The Secret Sauce: Why 2D Extraction Wins

The core innovation of GASE is its “2D-first” strategy. While competitors struggle with 3D ellipsoids that blur boundaries, GASE performs mask extraction and background inpainting in the 2D image domain before 3D reconstruction begins.

Spatial Awareness and Localization

To ensure an object’s identity is maintained across intermittent camera views, GASE employs a sophisticated “Localization Strategy” (driven by Equation 1 and 2 logic). By projecting points using camera extrinsics and applying a depth filtering strategy, GASE handles inter-object occlusion with ease. If an object is hidden behind another, the system recognizes it, preventing incorrect mask assignments and giving the pipeline true “spatial awareness.”

GASE leverages the cutting edge of vision models: SAM3 for initial semantic querying and mask extraction, and SAM2 specifically for robust video propagation and tracking across frames. Combined with LaMa for high-fidelity inpainting, GASE produces a clean, “empty” background and perfectly isolated foreground assets, completely bypassing the structural artifacts of 3D-centric methods.


Benchmark Performance: Crushing the Competition

GASE’s 2D-domain strategy delivers a masterclass in segmentation accuracy. In evaluations on the LERF dataset, GASE crushed existing 3D Gaussian methods, showing a >10% improvement in both mIoU and mBIoU (Boundary IoU)—the metric that proves GASE has finally solved the “fuzzy boundary” problem.

MethodFigurines (mIoU/mBIoU)Ramen (mIoU/mBIoU)Teatime (mIoU/mBIoU)
LangSplat54.70% / 50.20%86.32% / 75.79%64.06% / 55.79%
Gaussian Grouping77.76% / 73.86%61.50% / 58.71%89.43% / 86.30%
ObjectGS78.41% / 77.73%84.89% / 82.35%68.94% / 66.43%
GASE (Ours)93.32% / 89.59%95.63% / 94.34%95.91% / 92.61%

Beyond segmentation, GASE delivers state-of-the-art visual consistency. In “sundries” scene benchmarks, GASE achieved a PSNR of 27.09 and an SSIM of 0.94, with FID/m-FID scores of 166.14 and 313.80. These numbers prove the inpainted simulation environments are visually indistinguishable from reality.

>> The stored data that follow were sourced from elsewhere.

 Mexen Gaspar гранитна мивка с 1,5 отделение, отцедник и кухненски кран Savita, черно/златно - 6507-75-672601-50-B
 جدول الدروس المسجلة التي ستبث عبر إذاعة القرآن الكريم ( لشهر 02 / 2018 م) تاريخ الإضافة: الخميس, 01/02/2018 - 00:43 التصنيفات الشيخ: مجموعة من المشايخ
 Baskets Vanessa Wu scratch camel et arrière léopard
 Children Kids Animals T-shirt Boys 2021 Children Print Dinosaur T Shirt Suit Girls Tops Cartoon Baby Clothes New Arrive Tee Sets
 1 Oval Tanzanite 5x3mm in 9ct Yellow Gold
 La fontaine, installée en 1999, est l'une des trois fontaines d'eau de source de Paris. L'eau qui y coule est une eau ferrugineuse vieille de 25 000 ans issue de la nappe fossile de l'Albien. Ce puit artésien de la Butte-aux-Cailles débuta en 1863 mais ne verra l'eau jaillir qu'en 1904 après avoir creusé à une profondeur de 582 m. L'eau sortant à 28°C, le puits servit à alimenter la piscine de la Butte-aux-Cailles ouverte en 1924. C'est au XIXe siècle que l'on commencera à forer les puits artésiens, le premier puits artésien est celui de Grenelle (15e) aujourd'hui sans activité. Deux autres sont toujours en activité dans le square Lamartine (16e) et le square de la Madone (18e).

Real-Robot Success: Putting Sim-to-Real to the Test

The ultimate proof of GASE is the Real-to-Sim-to-Real (R2S2R) paradigm. We deployed policies trained entirely in GASE-generated simulations onto physical hardware.

Manipulation Mastery

Testing on the Piper robotic arm demonstrated that GASE-trained policies handle real-world materials with elite precision:

  • Grasping Cola Cans: 73% success rate.
  • Bottling Objects: 60% success rate.
  • Pushing Cups: 67% success rate. Critically, the performance gap between simulation-trained and real-world-trained policies remained under 10%.

We deployed GASE to a Kitt 15 robot in a “bar” environment. The impact of simulation training was transformative:

  • Find Microwave: 100% success (Sim-to-Real).
  • Find Red Fire Extinguisher: 100% success (Sim-to-Real).
  • Straight to wall, then turn left: Jumped from 50% (Sim-to-Sim) to 100% (Sim-to-Real).

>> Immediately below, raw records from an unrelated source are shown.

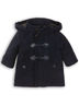 Пальто для мальчика прямого кроя с длинными рукавами и капюшоном.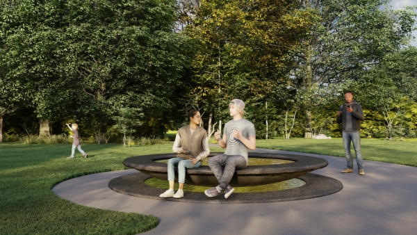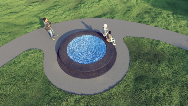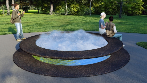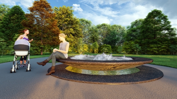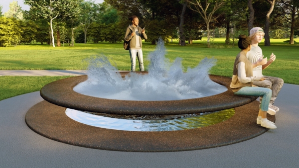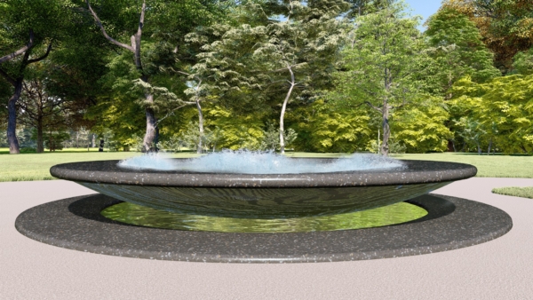De schaal wordt omringd door een zitobject van terrazzo en RVS. Van een afstand lijkt het water te zweven en ontstaat er door licht, spiegeling en beweging een dromerige dieptewerking. De bron is interactief zonder technologie: er zijn geen knoppen of schermen — alleen de directe ervaring van het water, het geluid, het licht en de zindering.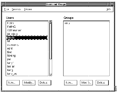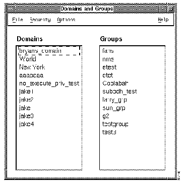| Options | Users and Groups Domains and Groups | Opens a subwindow that allows you to create, modify, and delete users and groups, and to add users to groups.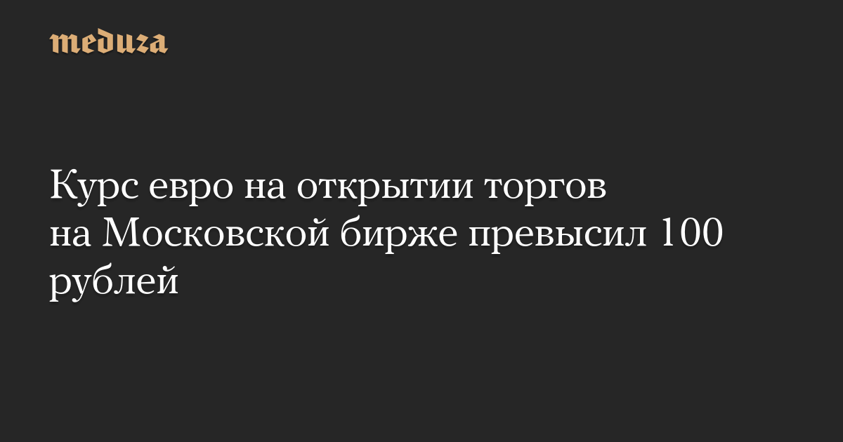 Курс евро на открытии торгов на Московской бирже превысил 100 рублей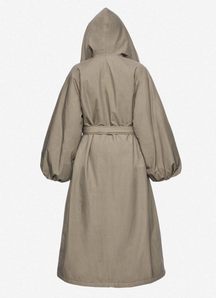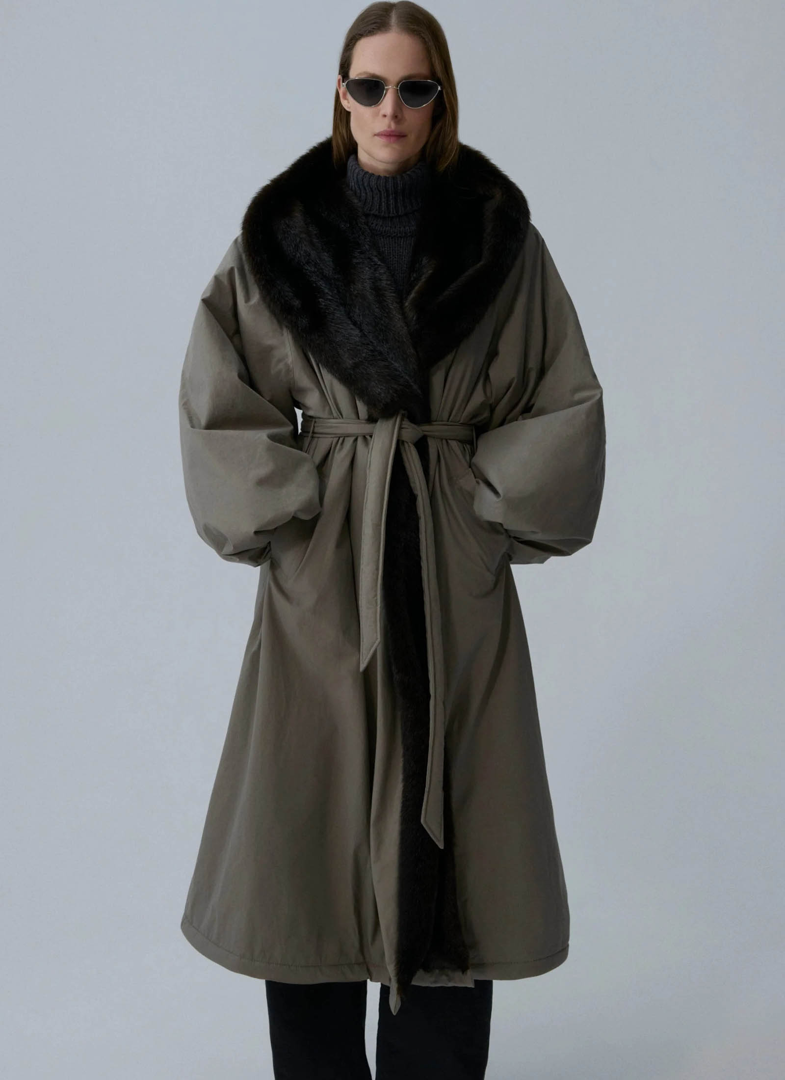 This long coat is crafted from silk and fully lined with faux fur. It features voluminous sleeves that gather at the cuffs, a hood, and a belt that cinches the waist instead of a traditional fastening. Functional front pockets complete this sophisticated, cocoon-like silhouette.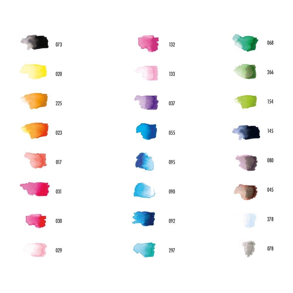 Pigmentbasert akvarelltusj med to spisser. Vannbasert, luktfritt blekk som kan males ut og brukes som en akvarell pĂĄ akvarellpapir. Twin-tip med penselspiss i ene enden og konturpenn i den andre. Pigmentbaserte farger gir lysekte og fargesterke farger til varige arbeider. Leveres i sett med 12 farger og tre ulike sett med 6 farger.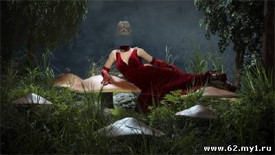 Шаблон для девушек - На сказочной поляне в красном красивом платье PSD | 2000x1125 | 300 dpi | 19 мб Автор: Alexey84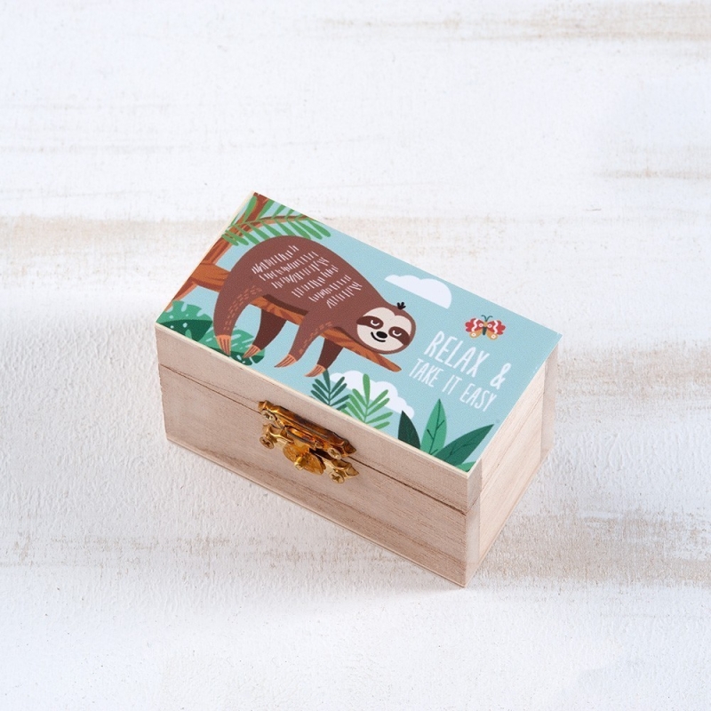 Ξύλινο natural σεντούκι με μεταλλικό κούμπωμα. Είναι διακοσμημένο με αυτοκόλλητο print Βραδύποδας.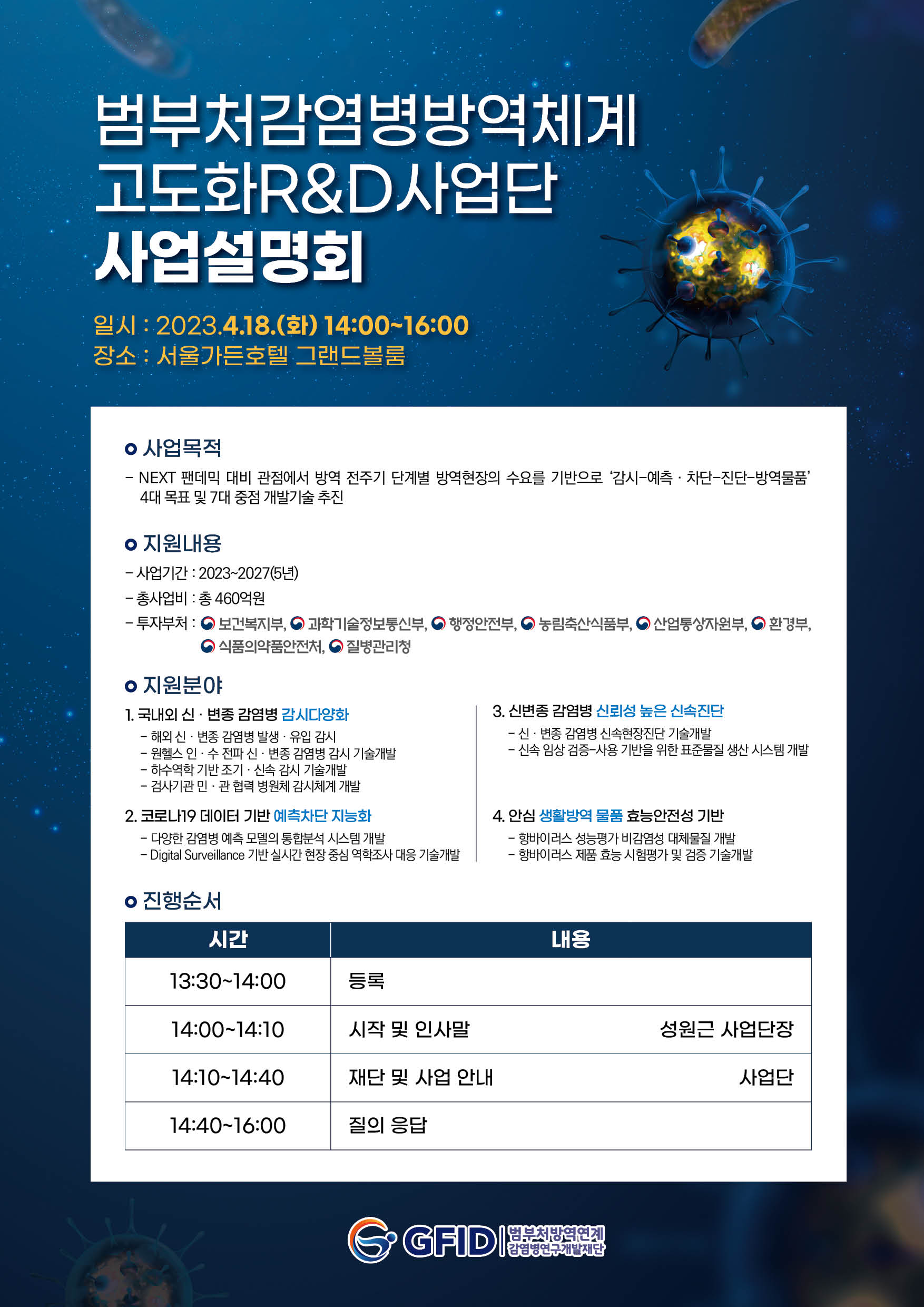 범부처감염병방역체계고도화R&D사업설명회 4.18 개최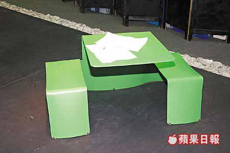 以鋁鐵製成的比利時Pic-NikJunior兒童椅桌,玩味十足,售價為1.4萬港元。 (Botz)

Key Takeaways for the Robotics Industry

  1. Scalability: Panoramic camera arrays and automated pipelines allow teams to slash demonstration costs by thousands of hours.
  2. Fidelity: Processing masks in the 2D domain eliminates the “structural holes” that previously made automated sim-assets unusable for manipulation.
  3. Utility: Simulation-trained policies are now deployment-ready, maintaining a performance gap of less than 10% compared to expensive real-world data.

What’s Next? While GASE is a massive leap forward, purely vision-based point cloud generation remains computationally heavy. Future research into feed-forward 3DGS reconstruction could potentially bring these high-fidelity environments to real-time speeds.


Closing

GASE provides an efficient and highly effective solution for the future of robot learning, providing the high-fidelity environments necessary to bridge the final gap between artificial intelligence and physical action.

“These results confirm that GASE provides an efficient and highly effective solution for bridging the sim-to-real gap.”